In [19]:
import requests
from bs4 import BeautifulSoup
from pandas import DataFrame
from json import loads

In [20]:
url = 'https://www.youtube.com/@PW-Foundation/videos'

In [21]:
url

'https://www.youtube.com/@PW-Foundation/videos'

In [22]:
# Get the html by get method
r = requests.get(url)
print(r)

<Response [200]>


In [23]:
#Create BeautifulSoup object
youtube_html = BeautifulSoup(r.text , 'html.parser')

In [24]:
big_box = youtube_html.find_all('script')


In [25]:
len(big_box)

40

So far, this code imports necessary modules for web scraping, sends an HTTP GET request to a YouTube channel URL, creates a BeautifulSoup object from the HTML code of the web page, and finds all the script tags in the web page.

In [26]:
def script_to_json(tags: list) -> dict:
    for tag in reversed(tags):
        text: str = tag.text
        if 'ytInitialData = {"responseContext"' in text:
            return loads(text[20:-1])
        
    raise ValueError('Required script tag is not found in the given tags ')

This code defines a function script_to_json() that converts a script tag to a JSON object.

The function takes a list of script tags as input and searches for the tag that contains the JSON data that we are interested in. It does this by iterating over the list of tags in reverse order (starting from the end of the list), and searching for the ytInitialData JSON object in the text attribute of each tag.

If the required ytInitialData JSON object is found, the function extracts the JSON string from the text attribute of the tag (excluding the first 20 and last 1 characters, which contain some unwanted characters), and uses the loads() method from the json module to convert the string to a Python dictionary.

If the required ytInitialData JSON object is not found in any of the tags, the function raises a ValueError.

The resulting dictionary contains the data that we are interested in, which can be used for further analysis or manipulation.

In [32]:
youtube_data = script_to_json(big_box)

#Return data from videos
def get_contents_dict(data):
    return data['contents']['twoColumnBrowseResultsRenderer']['tabs'][1]['tabRenderer']['content']['richGridRenderer']['contents']

This code defines a function get_contents_dict() that extracts the contents dictionary from the ytInitialData JSON object.

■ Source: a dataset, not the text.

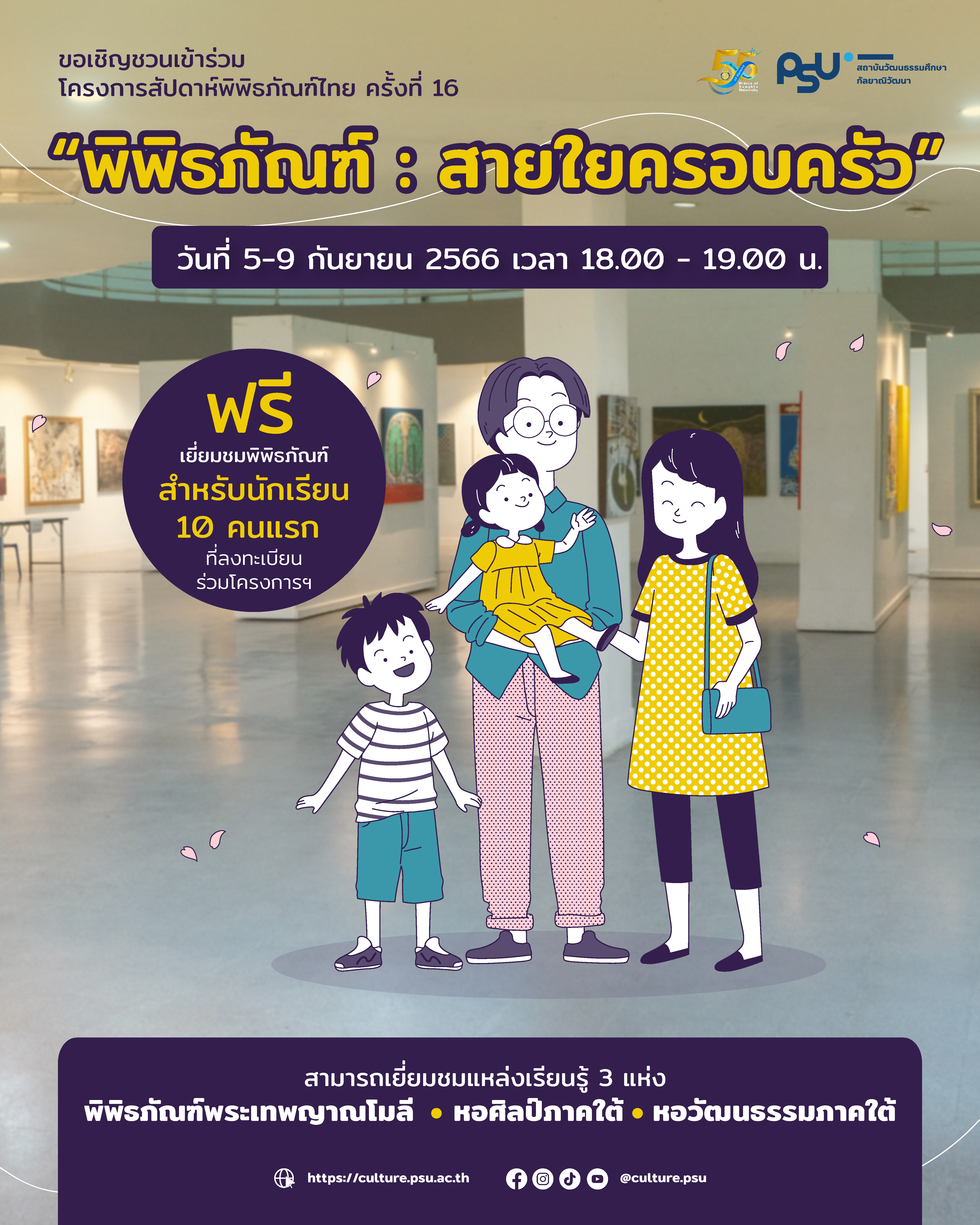 ข่าววิทยาเขตปัตตานี, ข่าวสารประชาสัมพันธ์ขอเชิญชวนเข้าร่วมโครงการสัปดาห์พิพิธภัณฑ์ไทย ครั้งที่ 16 “พิพิธภัณฑ์ : สายใยครอบครัว” sannusee / 7 กันยายน 2023 สถาบันวัฒนธรรมศึกษาก

The function takes the ytInitialData dictionary as input and returns the contents dictionary that contains the data for the videos on the channel.

The contents dictionary can be found by navigating through the various keys in the ytInitialData dictionary. In this case, we can find it by following this path:

In [33]:
def get_videoUrl(data:dict, n: int = 5):
    contents = get_contents_dict(youtube_data)

    if n > 30:
        raise ValueError('Max Limit is 30.')

    result = []
    for i in range(n):
        result.append('https://www.youtube.com/watch?v=' +
                        contents[i]['richItemRenderer']['content']['videoRenderer']['videoId'])
    return result

get_videoUrl(youtube_data)

['https://www.youtube.com/watch?v=jXAb1evxaJc',
 'https://www.youtube.com/watch?v=2dn7XMxRtPE',
 'https://www.youtube.com/watch?v=Fks4dVnTb5M',
 'https://www.youtube.com/watch?v=nIuGXeISbSo',
 'https://www.youtube.com/watch?v=p9pqo970kjw']

This code defines a function get_videoUrl() that extracts the URLs of the first n videos on the channel.

The function takes the ytInitialData dictionary as input and an optional parameter n that specifies the number of videos to retrieve (default value is 5). The function first extracts the contents dictionary using the get_contents_dict() function, and then iterates over the first n items in the contents list.

For each item, the function extracts the videoId from the videoRenderer dictionary and concatenates it with the YouTube video URL to create the full URL for the video. The resulting list result contains the URLs of the first n videos on the channel.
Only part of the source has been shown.